**What to produce:**
Repeat exactly, and only, the lines below starting at the line that contains "Тюльпан розовый, тюльпан" and ending at the line that contains "в Тюмени купить", inclusive of both.

Records to process: Begin

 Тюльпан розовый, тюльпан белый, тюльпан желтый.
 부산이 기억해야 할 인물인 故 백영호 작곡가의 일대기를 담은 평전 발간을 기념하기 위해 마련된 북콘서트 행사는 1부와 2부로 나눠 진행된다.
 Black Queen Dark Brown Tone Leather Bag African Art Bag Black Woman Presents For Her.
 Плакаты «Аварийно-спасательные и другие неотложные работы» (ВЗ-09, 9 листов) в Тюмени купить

Records to process: End
Records to process: Begin

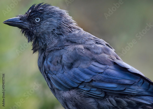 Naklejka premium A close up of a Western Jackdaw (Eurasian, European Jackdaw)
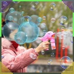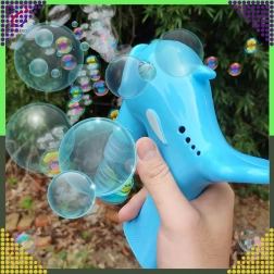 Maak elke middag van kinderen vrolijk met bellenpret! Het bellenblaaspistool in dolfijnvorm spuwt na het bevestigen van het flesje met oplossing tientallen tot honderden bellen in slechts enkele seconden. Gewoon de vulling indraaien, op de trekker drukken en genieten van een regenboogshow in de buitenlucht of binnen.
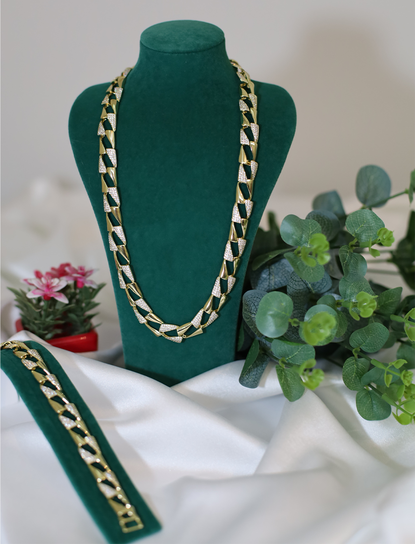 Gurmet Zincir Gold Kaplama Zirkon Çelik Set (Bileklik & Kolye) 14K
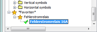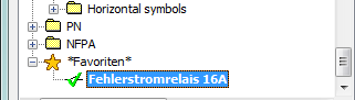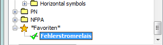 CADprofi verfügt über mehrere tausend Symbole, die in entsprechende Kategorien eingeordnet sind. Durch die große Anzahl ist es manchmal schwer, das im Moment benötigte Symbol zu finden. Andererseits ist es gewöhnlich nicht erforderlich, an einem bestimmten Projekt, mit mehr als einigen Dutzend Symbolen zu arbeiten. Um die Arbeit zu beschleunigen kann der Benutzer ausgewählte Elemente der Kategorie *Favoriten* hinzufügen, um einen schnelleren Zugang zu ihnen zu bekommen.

Records to process: End
Records to process: Begin

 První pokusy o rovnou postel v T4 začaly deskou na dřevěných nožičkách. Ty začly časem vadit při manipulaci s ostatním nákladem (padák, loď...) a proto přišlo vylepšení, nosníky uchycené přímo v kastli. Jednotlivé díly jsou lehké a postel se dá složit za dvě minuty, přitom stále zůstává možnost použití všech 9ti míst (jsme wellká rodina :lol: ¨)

Records to process: End

**Response to the task:**
 Тюльпан розовый, тюльпан белый, тюльпан желтый.
 부산이 기억해야 할 인물인 故 백영호 작곡가의 일대기를 담은 평전 발간을 기념하기 위해 마련된 북콘서트 행사는 1부와 2부로 나눠 진행된다.
 Black Queen Dark Brown Tone Leather Bag African Art Bag Black Woman Presents For Her.
 Плакаты «Аварийно-спасательные и другие неотложные работы» (ВЗ-09, 9 листов) в Тюмени купить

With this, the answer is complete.